→ **To do**
Every record should be copied exactly, except that pictures are to be omitted.

→ **Source records**
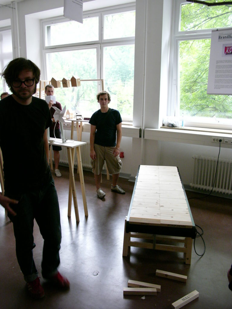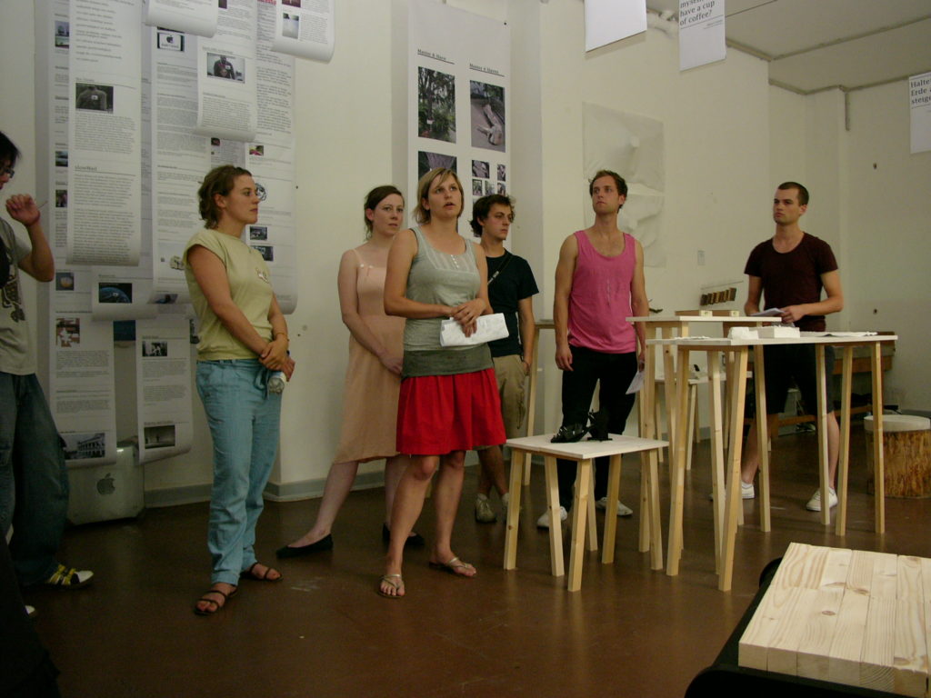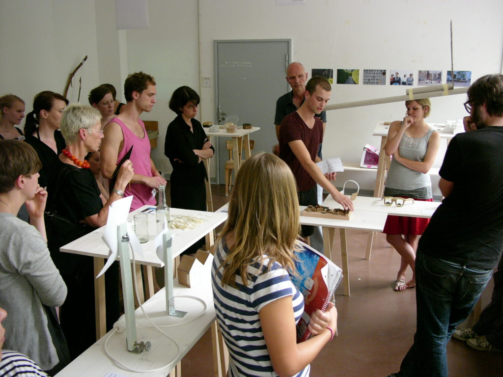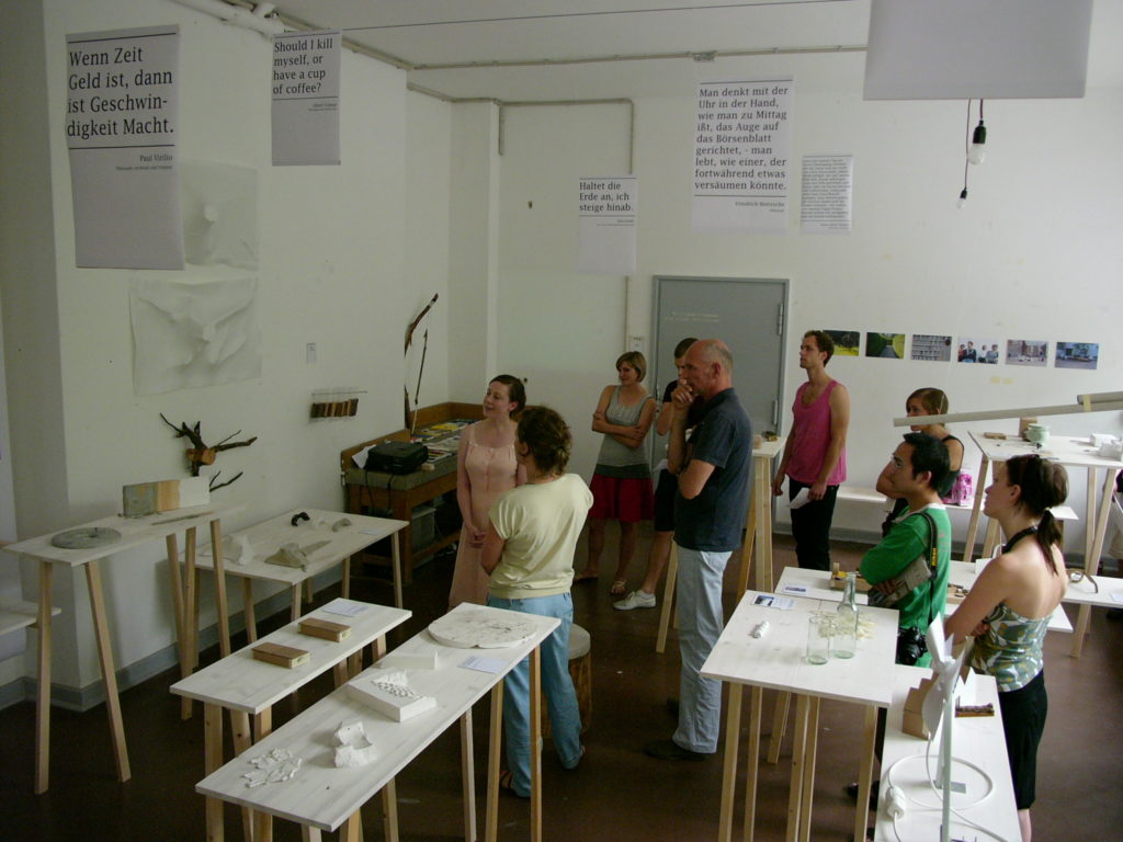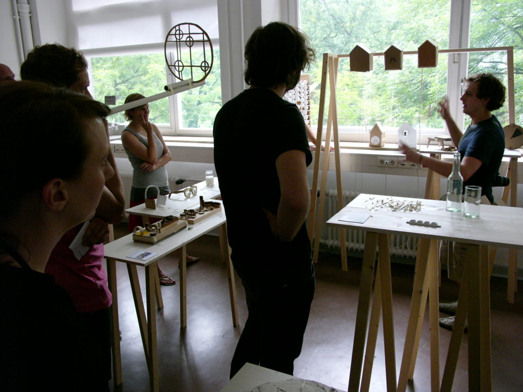 Die Planung und Entstehung der Ausstellung war Teil des Prozesses. Ein Konzept musste entworfen werden und somit die Ergebnisse benannt, eingeteilt und beschrieben werden. Dabei wurde das ein oder andere Objekt nochmals überdacht und neu interpretiert. Auch fand sich die Gruppe wieder zusammen, hatten sich im Laufe der praktischen Auseinandersetzungen kleine Teams, in wechselnden Konstellationen gebil- det. Auch das war überaus fruchtbar, lehrreich und inspirierend. Ein Mitglied hat eine Idee, der nächste setzt sie um und das wiederum bringt jenen auf solche Gedanken.
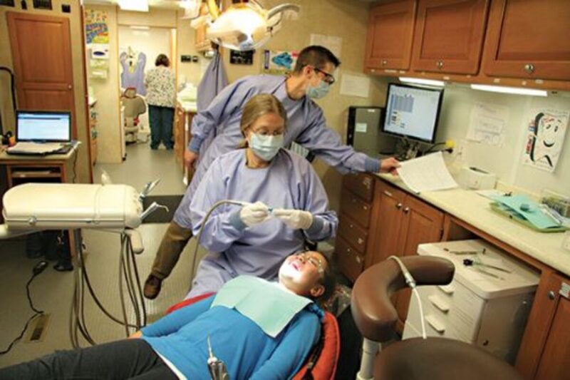 Dental Assistant Catherine Johnson gets set to clean Oak heights third-grader Moriah Winn’s teeth during a visit from the Tooth Taxi mobile dental clinic at the school last week to provide care for students from around Sweet Home. In the rear, dentist Dr. Dave Carneiro checks records after examining Moriah’s teeth. The Tooth Taxi is an outreach of the Dental Foundation of Oregon, he charitable arm of the Oregon Dental Association. Dentists and their staff members volunteer in the converted recreational vehicle, which visits schools around the state. As of this fall, the Tooth Taxi has has served over 14,000 children and delivered over $4 million in donated dental care, according to the DFO.
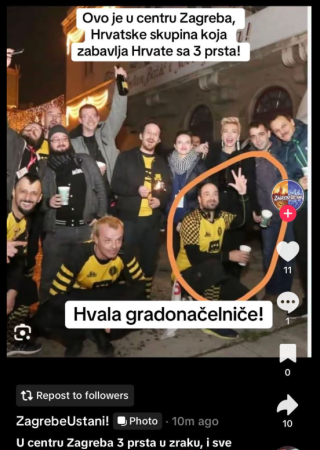 Na dočeku Nove godine u Zagrebu, organiziranom na Trgu bana Jelačića, svirao je glazbeni sastav Dubioza Kolektiv. Društvenim mrežama uskoro se počela širiti fotografija koja prikazuje članove Dubioze Kolektiva na kojoj jedan od članova benda, Brano Jakubović, drži podignuta tri prsta.
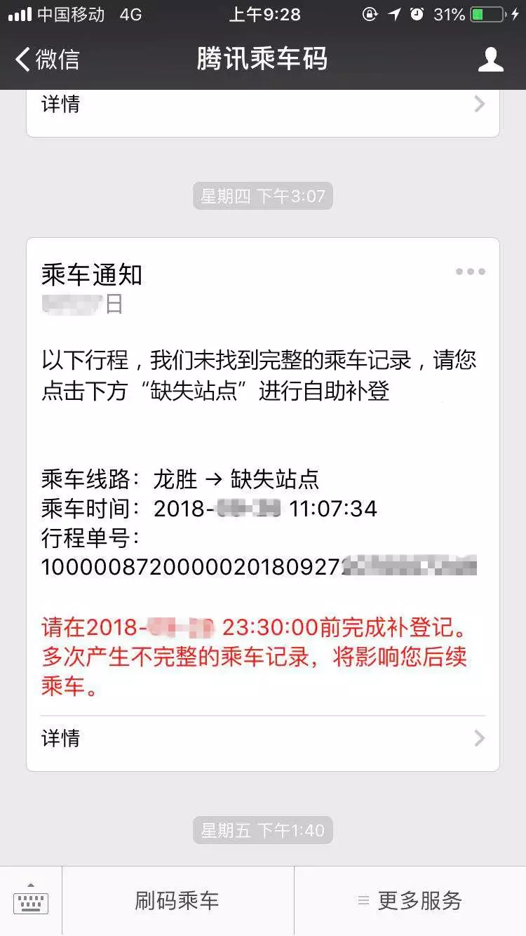 劉先生家住龍崗,工作地在福田,經(jīng)常乘坐地鐵往返于六約站和福田站。自從深圳地鐵上線了二維碼掃碼過閘功能,劉先生出門就只帶一部手機(jī),每天都是輕裝上陣,進(jìn)站乘車非常方便。11月7日這天,劉先生的手機(jī)微信突然收到一條推送信息,提醒他前一天早上的乘車信息不完整,需要進(jìn)行“補(bǔ)登”操作,這究竟是怎么一回事呢?
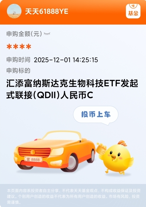 #晒操作# 经过前期调整,目前市场的投资性价比还是很不错的,$汇添富纳斯达克生物科技ETF发起式联接(QDII)人民币C$ 每日额度1000元,正好可以开启每日定投计划。
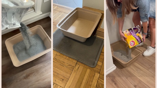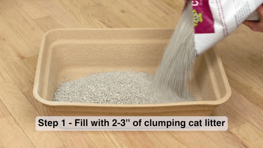 1) Fill disposable cat litter box with 2 - 3 inches of clumping cat litter.

→ **Answer section**
 Die Planung und Entstehung der Ausstellung war Teil des Prozesses. Ein Konzept musste entworfen werden und somit die Ergebnisse benannt, eingeteilt und beschrieben werden. Dabei wurde das ein oder andere Objekt nochmals überdacht und neu interpretiert. Auch fand sich die Gruppe wieder zusammen, hatten sich im Laufe der praktischen Auseinandersetzungen kleine Teams, in wechselnden Konstellationen gebil- det. Auch das war überaus fruchtbar, lehrreich und inspirierend. Ein Mitglied hat eine Idee, der nächste setzt sie um und das wiederum bringt jenen auf solche Gedanken.
 Dental Assistant Catherine Johnson gets set to clean Oak heights third-grader Moriah Winn’s teeth during a visit from the Tooth Taxi mobile dental clinic at the school last week to provide care for students from around Sweet Home. In the rear, dentist Dr. Dave Carneiro checks records after examining Moriah’s teeth. The Tooth Taxi is an outreach of the Dental Foundation of Oregon, he charitable arm of the Oregon Dental Association. Dentists and their staff members volunteer in the converted recreational vehicle, which visits schools around the state. As of this fall, the Tooth Taxi has has served over 14,000 children and delivered over $4 million in donated dental care, according to the DFO.
 Na dočeku Nove godine u Zagrebu, organiziranom na Trgu bana Jelačića, svirao je glazbeni sastav Dubioza Kolektiv. Društvenim mrežama uskoro se počela širiti fotografija koja prikazuje članove Dubioze Kolektiva na kojoj jedan od članova benda, Brano Jakubović, drži podignuta tri prsta.
 劉先生家住龍崗,工作地在福田,經(jīng)常乘坐地鐵往返于六約站和福田站。自從深圳地鐵上線了二維碼掃碼過閘功能,劉先生出門就只帶一部手機(jī),每天都是輕裝上陣,進(jìn)站乘車非常方便。11月7日這天,劉先生的手機(jī)微信突然收到一條推送信息,提醒他前一天早上的乘車信息不完整,需要進(jìn)行“補(bǔ)登”操作,這究竟是怎么一回事呢?
 #晒操作# 经过前期调整,目前市场的投资性价比还是很不错的,$汇添富纳斯达克生物科技ETF发起式联接(QDII)人民币C$ 每日额度1000元,正好可以开启每日定投计划。
 1) Fill disposable cat litter box with 2 - 3 inches of clumping cat litter.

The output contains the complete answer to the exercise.